Like the federal law, the New York False Claims Act authorizes private parties to file a lawsuit in the name of New York State or local government and allows for private parties bringing such actions to receive up to 30% of any monetary recovery, plus reasonable attorneys’ fees and costs. (NY State Finance Law § 190(2)&(6)). In addition, as under the federal False Claims Act, persons who file cases under the New York False Claims Act are provided certain protections against retaliation for bringing a good faith action including reinstatement with comparable seniority and fringe benefits, double back pay plus interest, and/or compensation for any special damages such as reasonable attorneys’ fees. (NY State Finance Law § 191).

Whistleblower Law

New York Labor Law Article 20-C, “Retaliatory Action by Employers,” affords protections to employees who may notice and report inappropriate activities. Under this Article, which contains New York Labor Law §§ 740-741, an employer may not take any retaliatory personnel action against an employee because the employee:

discloses, or threatens to disclose to a supervisor or to a public body an activity, policy or practice of the employer that is in violation of law, rule or regulation which violation creates and presents a substantial and specific danger to the public health or safety, or constitutes the crime of health care fraud, or that the employee reasonably believes, in good faith, constitutes improper quality of patient care;

provides information to, or testifies before, any public body conducting an investigation, hearing or inquiry into any such violation of a law, rule or regulation by such employer; or

objects to, or refuses to participate in any such activity, policy or practice in violation of a law, rule or regulation.

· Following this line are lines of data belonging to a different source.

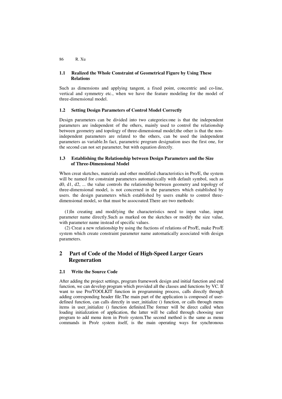 使用Pro / TOOLKIT二次开发程序可以实现已设计的三维模型的自动再生。部分代码的高速档齿轮再生模型如下: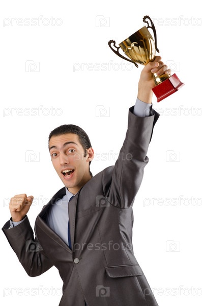 Успешный бизнесмен с золотым кубком
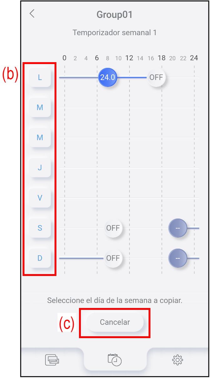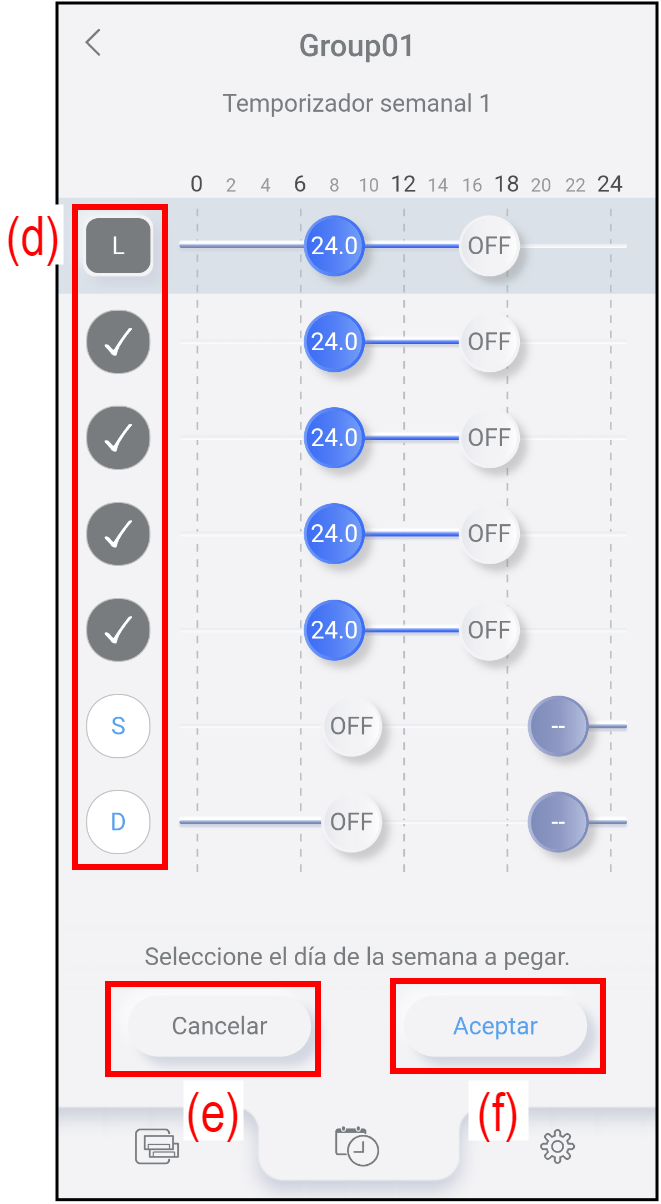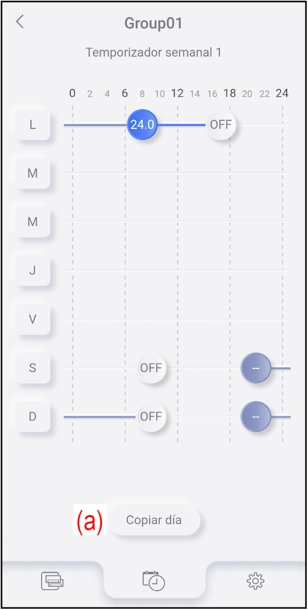 - Toque (a) en la pantalla de ajustes del temporizador semanal.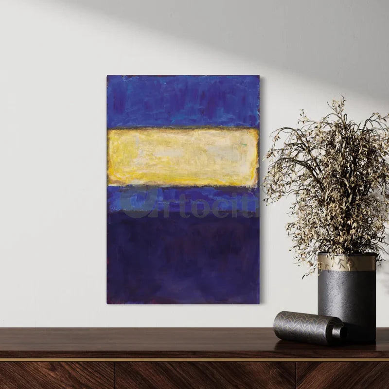 Elevate your space with our Blue Yellow Dark Blue Abstract Art Canvas Giclee Print by renowned artist Mark Rothko. This stunning piece is available in two sizes: 24x16 inches and 30x20 inches, ensuring a perfect fit for any room. Crafted on high-quality 380 GSM canvas, the vivid colors and intricate details come to life, adding a touch of sophistication to your decor. Immerse yourself in the rich hues and dynamic composition of this masterpiece. Transform your space into an art gallery with this exclusive print that captures the essence of modern elegance.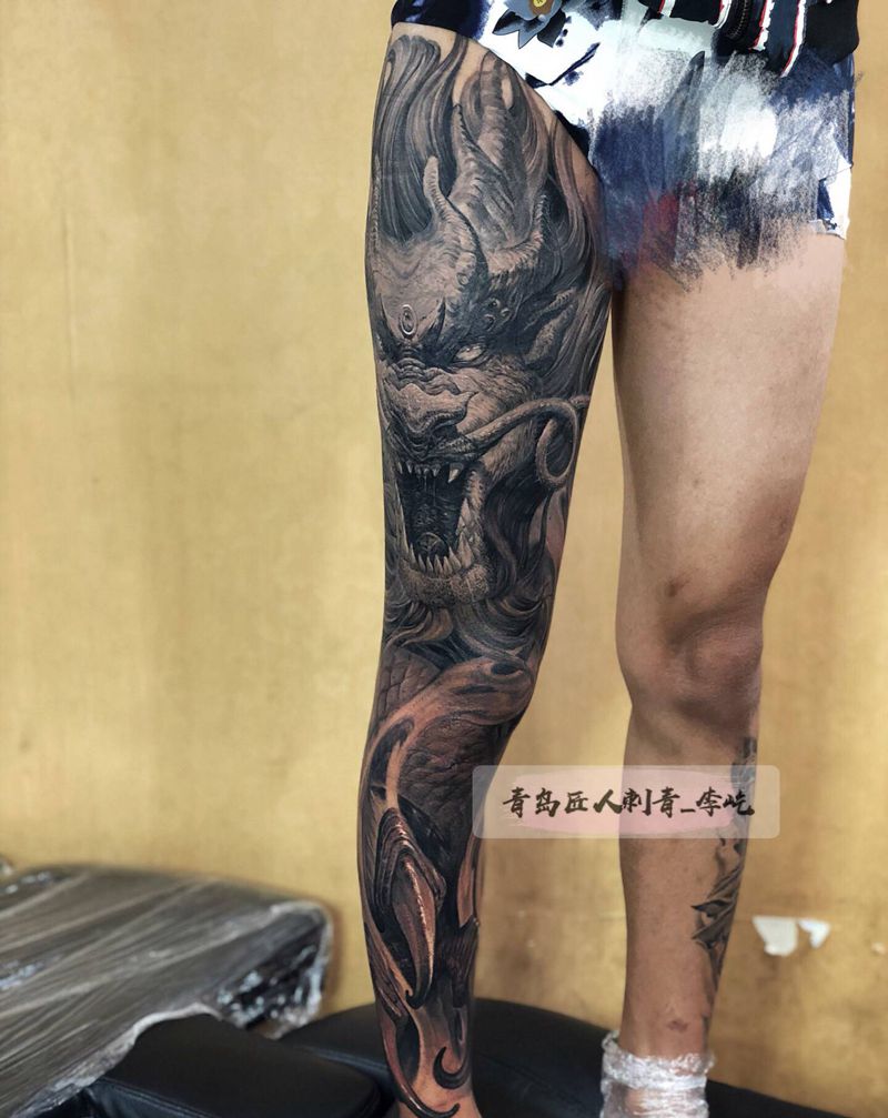 • T网红王老大花腿龙纹身图片_腿部新传统纹身图案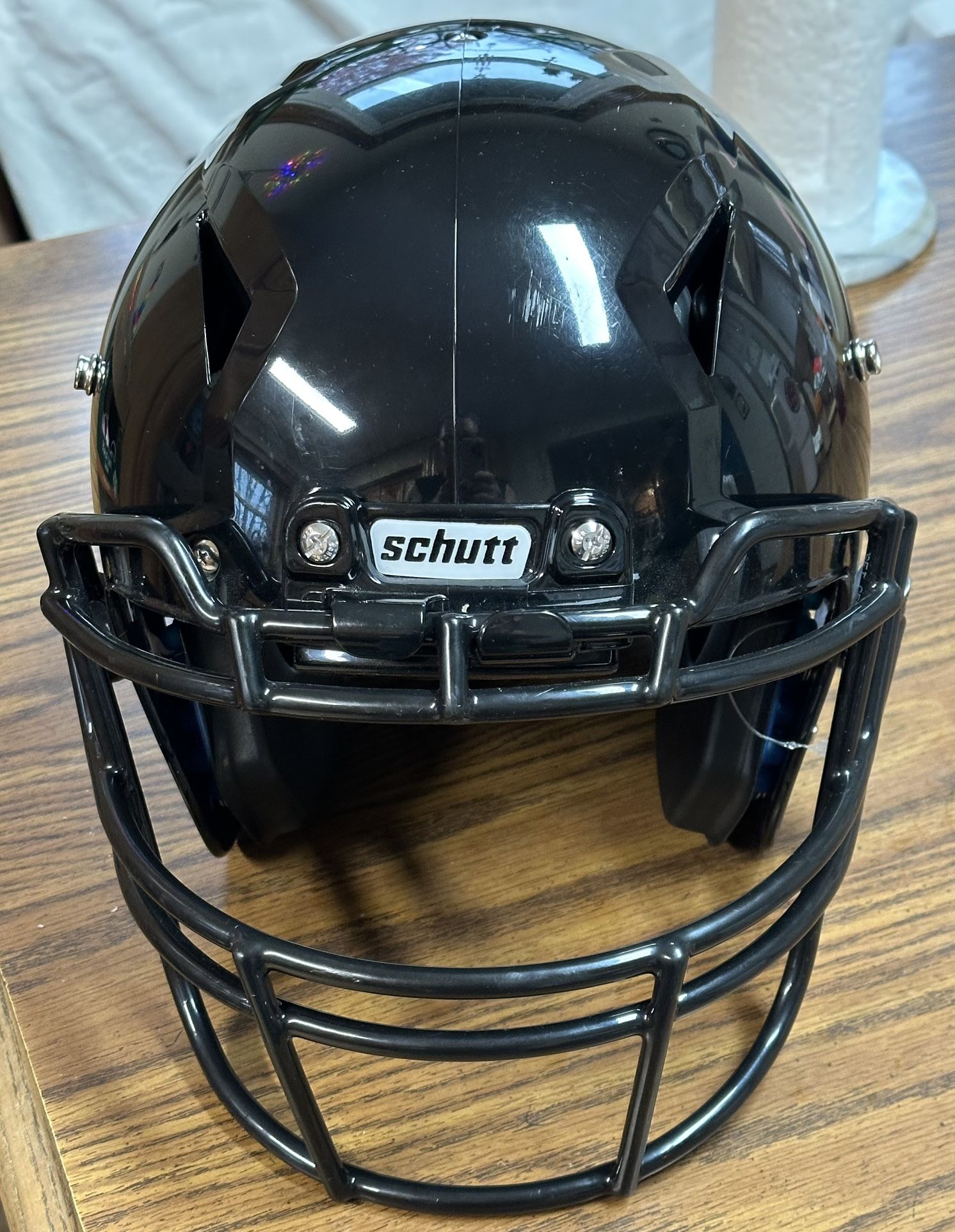 Black Schutt football helmet in excellent condition; black Schutt Youth Vengeance A11 football helmet with a face mask. ® • Features a sleeker, lower profile design which is lightweight for a comfortable feel. ® • Comes standard with a carbon steel guard and traditional loop straps. B • The helmet is designed for youth players. • The non-inflatable comfort liner provides a comfortable fit.

(NY Labor Law §§ 740(2) & 741(2)).

The law defines “improper quality of patient care” as a practice, action, or failure to act of an employer which violates law and which relates to matters which may present a substantial and specific danger to public health or safety or a significant threat to the health of a specific patient. (NY Labor Law § 741(1)(d)).

To bring an action under New York Labor Law § 740, the employee must first bring the alleged violation to the attention of the employer and give the employer a reasonable opportunity to correct the allegedly unlawful practice. (NY Labor Law §§ 740(3)) & 741(3)). However, there is no requirement to first notify the employer if the issue involves improper quality of patient care, as defined above, and presents an imminent threat to public health or safety or to the health of a specific patient, and the whistleblower reasonably believes in good faith that reporting to a supervisor would not result in corrective action. (NY Labor Law § 741(3)).

The law allows employees who are the subject of a retaliatory action to bring a civil action in court seeking relief such as an injunction prohibiting continued retaliation; reinstatement, back-pay and compensation of reasonable costs. (NY Labor Law § 740(4)& (5)). In addition, if an employer retaliates in bad faith against an employee whistleblower, and if the employee’s complaint concerned the improper quality of patient care, the employer may be subject to civil penalty of an amount not to exceed $10,000, which is paid to a New York State fund devoted to improving the quality of patient care. (NY Labor Law § 740(4)(d)). The law also provides that employees who bring an action without basis in law or fact may be held liable to the employer for its attorney’s fees and costs. (NY Labor Law § 740(6)).